Hi, I am slowly setting up my 1st discus tank. As I am getting juvies I will leave the tank bare until they have grown then add the oak branch (any tips on how to strip the bark?). I would like to have some epiphytic plants on the top branches. I know from my low tech southamerican that my Anubias do well with no need for ferts so I can aim the water parameters at the discus. Would Bucephalandra grow without the need for much ferts? I like the blue-brown but are there any varieties that are even less demanding? Thanks


----------



## discuspaul (Jul 27, 2010)

I've never had Buce and although they're said to be a slower growth plant, there seems no reason why they couldn't fare reasonably well in a low tech minimalist decor discus tank.
They are rather small however, so it would take several to have any aesthetic effect, and they may be difficult to keep in place properly while attaining attachment to the wood branching.
You could try a few to see how they turn out.
Good luck.


----------



## shhh (Jan 1, 2016)

All the buce I've had is just as easy to grow and undemanding as anubias. I don't use fertilizer or co2. It's slow growing, but filling in quite nicely in my low tech tanks. I love how easy they are and how much variety there is. I just added a bunch more varieties, so I need to update my tank journals


----------



## Paul Sabucchi (Feb 19, 2017)

Thanks to all for the advice, I will see what varieties I can get hold of. Buce has only recently become known over here in italy and the choice is still limited. As explained I probably will be waiting best part of 2 years before getting the plants so plenty of time to do my research


----------



## Krispyplants (Apr 15, 2014)

The only concern would be water temperature affecting the plant. I'm interested in this sepecific topic as well.


----------



## II Knucklez II (Oct 31, 2011)

I have the same question because I want to add buce to my 180g discus tank and from what I have read the only issue would be temp. Seems a lot of people say the highest temp. they can take is around 82 F, which would be on the low end for discus but will work none the less.

I will be adding some buce to my 180g to see how it fairs and hopefully it does good.


----------



## Paul Sabucchi (Feb 19, 2017)

Hi, just as a trial in June i ordered two buce plants and put them in my comunity tank (where the anubias thrive).
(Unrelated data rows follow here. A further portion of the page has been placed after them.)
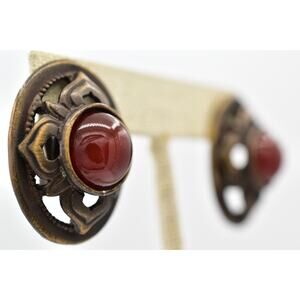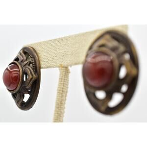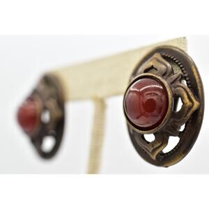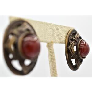 Ginnie Johansen Amber Cabochon Clip On Earrings Brass Tone Signed 1980s BinBK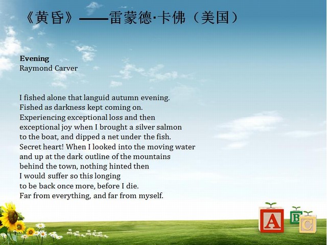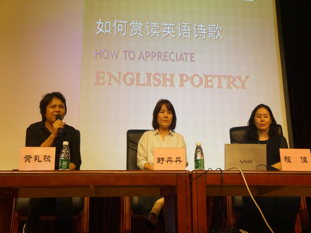 程佳老师既是一位翻译家,又是一位诗人。她认为,赏读英文诗歌,需要关注几大要素:音(Sound)、形(Form)、意(Sense)、象(Imagery)。“音”即诗歌的节奏和韵律。诗歌的最大特征是韵律。要欣赏英文诗歌,首先要把英文诗歌的韵律搞清楚。韵律也是构成英文诗歌节奏的基础。“形”即诗歌的文体形式。英文诗歌按照不同的标准划分,类型有所不同。按照表现形式来划分,有格律诗、自由诗、散文诗等;按照艺术表现手法来划分,有朦胧诗、朗诵诗等;按照内容来划分,有叙事诗、抒情诗等。“意”即诗歌所表现的主题。如爱情、生命、离别、自然、战争等等主题。“象”即诗歌蕴含的意象。诗歌的艺术表现力和感染力,就在于诗歌意象、意境的独特、瑰丽,韵律、节奏的和谐、优美,以及思想感情的真实、动人。因此,欣赏诗歌可以怡情怡性。
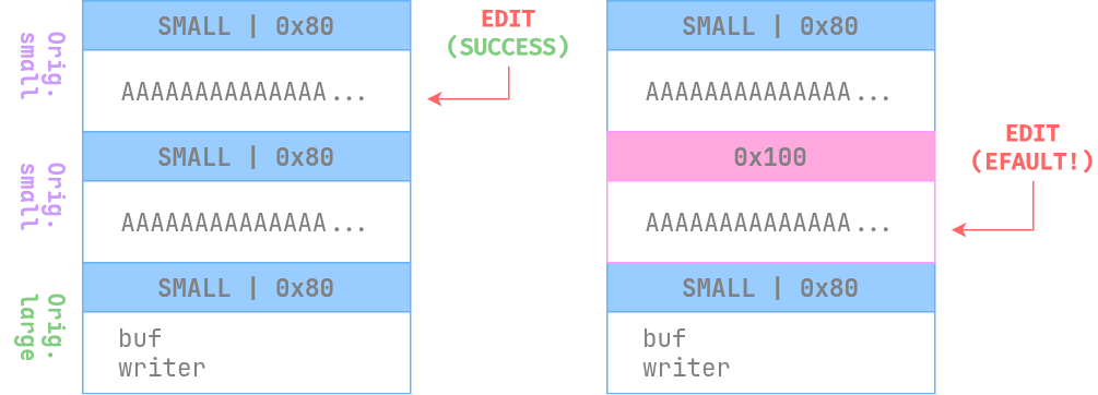 for k in range(LOOP): edit(k, p64(0x100).rjust(0x100)) buf = reader(i) if len(buf) == 0: return 2 if buf[6] == 10: break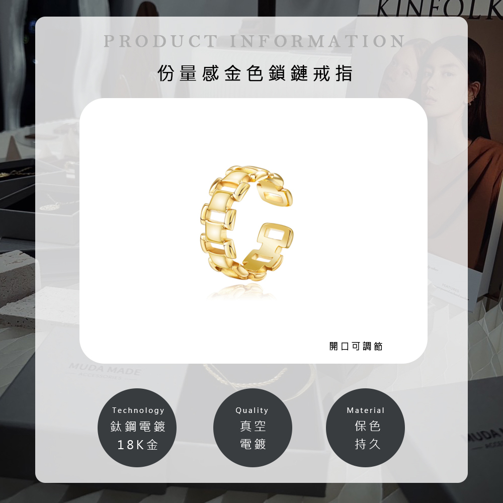 Simple chic|份量感金色鎖鏈戒指|可調|鍍18K

Over the following 2 months all the leaves have fallen off and not regrown since so I believe they are positively kaputt. So still looking for epiphytes to attach to the top branches. Due to being si close to the surface loghtung will be good but not much headroom so U need sonething that stays short. Besides anubia bonsai or mosses would Staurogyne or Ecinodorus (or whatever it is called nowdays) tenellus micro grow if glued to wood? At least the little discus are growing well...just another year or so of daily 80% water changes to go. Ciao


----------